The bill was approved by a voice vote after brief discussion, during which congressmen warned of a possible severe shortage of mortgage funds. A steady drop in interest rates has stimulated home sales and led homeowners to rush to refinance mortgages at lower rates.
The “unprecedented” demand for mortgages made it essential to lift the credit limits for government agencies, said Rep. Chalmers P. Wylie of Ohio, ranking Republican on the House Banking Committee and primary sponsor of the legislation.
The Government National Mortgage Assn., which packages FHA and VA loans into securities and guarantees them for sale to investors, had reached its limit of $65.3 billion for the current fiscal year. The House-passed bill would raise the ceiling to $100 billion. Without the Ginnie Mae backing for the securities, interest rates on FHA and VA mortgages would rise by as much as 1 percentage point, housing industry officials said.
The financing authority of the FHA, which will pay off a loan if the homeowner defaults, was rapidly reaching its lending ceiling of $57 billion.

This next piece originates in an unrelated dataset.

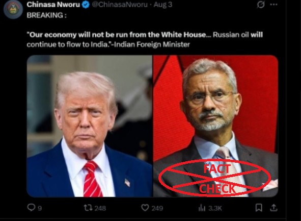 Several users posted pictures of S Jaishankar and this comment : “Our economy will not be run from the White House…Russian oil will continue to flow to India”. They attributed this comment to him, portraying it as an official statement by the Ministry of External Affairs.

The limit would be raised to $95 billion under the bill approved Monday.
Uncertain Fate in Senate
The legislation awaits action in the Senate. Its fate there is uncertain because of opposition from the Reagan Administration, which wants to curb eligibility for FHA mortgages as a condition for raising the limit.
The Administration wants to restrict FHA mortgages to families with incomes of $40,000 a year or less. But the House bill had no such restrictions.
If the bill does not become law, Wylie warned, “as many as 225,000 home buyers each month will have their mortgages disrupted.” These buyers would be forced to pay more for their home loans or--if the FHA extension is not approved--many would be unable to get mortgages at all.
The FHA and VA mortgages require much smaller down payments than those under conventional financing and their financial requirements are less stringent.
For example, a borrower using an FHA or VA loan may be granted a mortgage even if he or she must make comparatively large monthly payments that consume a big portion of income. The government guarantee for these mortgages reassures the prospective lender.
The FHA and VA ensure that the mortgages will be repaid to the mortgage bankers and others who make loans. Ginnie Mae, in turn, provides backing for bundles of these mortgages sold as securities to other investors.
The selling of the securities gives the mortgage bankers new funds to make more loans.